By then it wasn't just scientists who thought this was odd. Science Debate and the nonprofit ResearchlAmerica, which works to make medical research a higher national priority, commissioned a national poll and found that 85 percent of the American public thought that the candidates should debate the major science issues. Support was virtually identical among Democrats and Republicans. Religious people clearly were not put off by the idea. It seemed that the candidates alone were reticent. Something in American political culture had made science taboo.

With the window closing for a debate before the endorsing conventions, after which point the Democratic and Republican Party-controlled Commission on Presidential Debates would take over, we recruited marine scientist and former AAAS president Jane Lubchenco to help organize a debate in Oregon in August. Obama and McCain refused this one too, opting instead to hold yet another faith forum, this time at Saddleback Church in Lake Forest, California.

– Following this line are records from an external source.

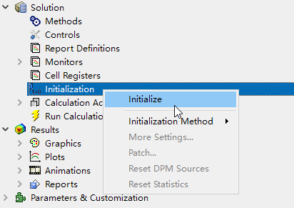右键选择模型树节点Initialization,点击弹出菜单项Initialize进行初始化计算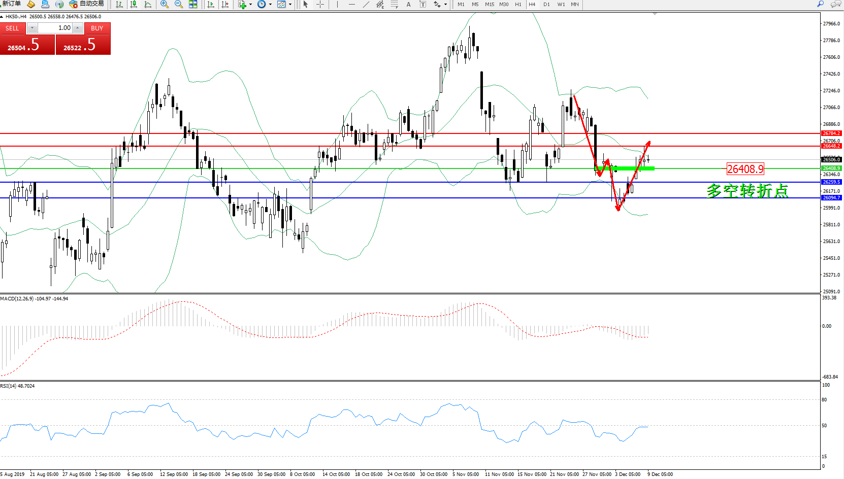 恒指HK50 ——4小时K线图显示: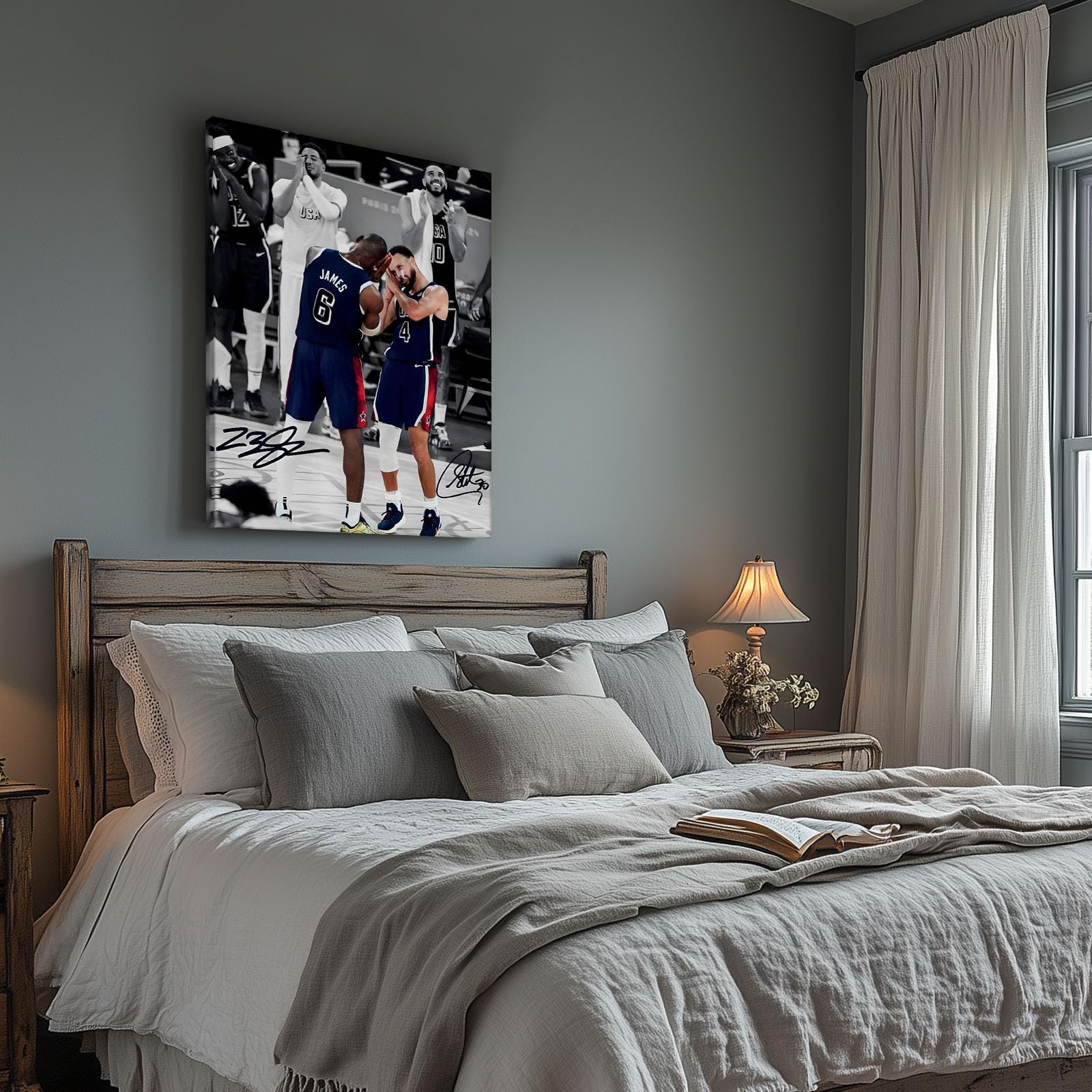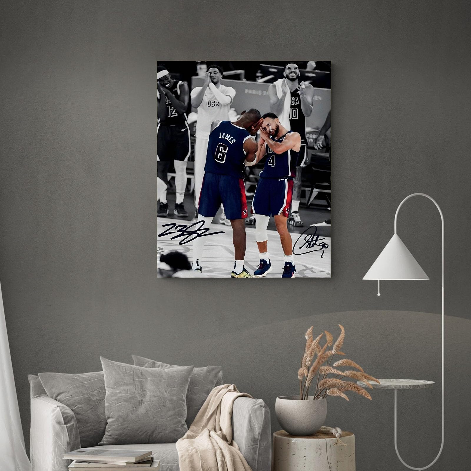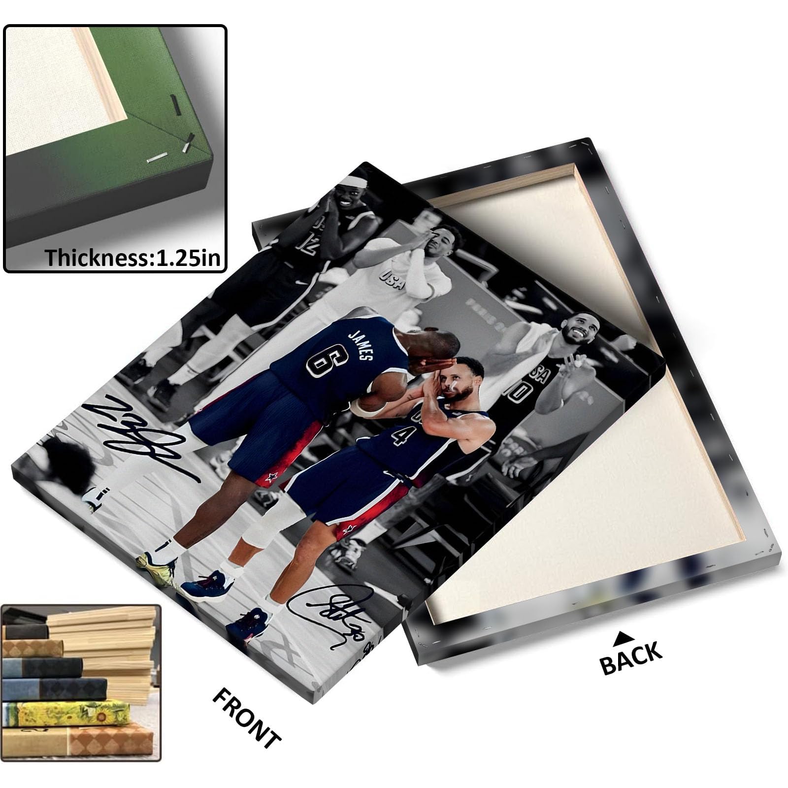 Clean Print Detail on Woven Canvas – Printed with color inks on woven canvas for crisp lines, strong contrast, and solid color areas—great for sports-themed room decor and basketball wall art displays.

The scientific, academic, and high-tech communities were stunned. They saw it as a rebuke, and a travesty of American politics. Science has been responsible for roughly half of all US economic growth since World War II,11 and it lies at the core of most major unsolved policy challenges. How could people who wanted to lead America avoid talking about science? Intel chairman Craig Barrett reached out to former Hewlett-Packard CEO Carly Fiorina on the McCain side to encourage his participation, and Varmus redoubled his efforts to convince Obama.

Meanwhile, our supporters had submitted more than 3,400 questions that they wanted us to ask the candidates. Working with several leading science organizations, we culled them into "The 14 Top Science Questions Facing America" and released them publicly (see page 321 for the original list). The candidates still ignored us.

ARE THERE REALLY TWO SIDES TO EVERY STORY?

To be fair, the problem wasn't limited to the candidates. They were aided and abetted in their nonengagement by American journalism. Here was virtually the entire US science enterprise, the most powerful engine for economic growth and human advancement in world history, calling for the candidates to debate key science topics like climate change, health care, and energy, the candidates were dodging the questions, and almost no media outlets would cover it. Clearly, America's fourth estate had lost its moorings.

Some of this reticence may have been because many reporters and their editors (who often direct reporters' lines of questioning), like many politicians, were not required to take science classes in college, and few seem to understand science's importance to democracy. In a time dominated by science, this poses some serious concerns.

Another part of the problem may be that journalists, scientists, and politicians approach questions of fact with differing perspectives.

Journalism: There are always two sides to every story.

Bob says 2 + 2 = 4. Mary says it is 6. The controversy rages.

Science: Most times, one side is simply wrong.

I can demonstrate using these apples that Bob is right.

Politics: How about a compromise?

New law: 2 + 2 = 5

The problem with the modern journalistic approach is that it falls short of full reason. Journalistic techniques used to be employed as a means of fact- checking somewhat akin to scientific research. For example, reporters would get multiple sources to corroborate a story (which is an account of events in reality), or they wouldn't run the story. But today, some journalists don't even attempt to establish the reality or truth of a story. Instead, they go out of their way to present "both sides," as if this were admirable. The first casualty of this approach is journalism's own credibility, and its ability to speak truth to power. If one "side's" account is untrue and corroboration to determine which story is correct is not pursued, journalism becomes not just a meaningless relayer of information without regard to its reliability, but also weighted toward extreme views. And this inevitably fuels the extreme partisanship we see in public dialogue today.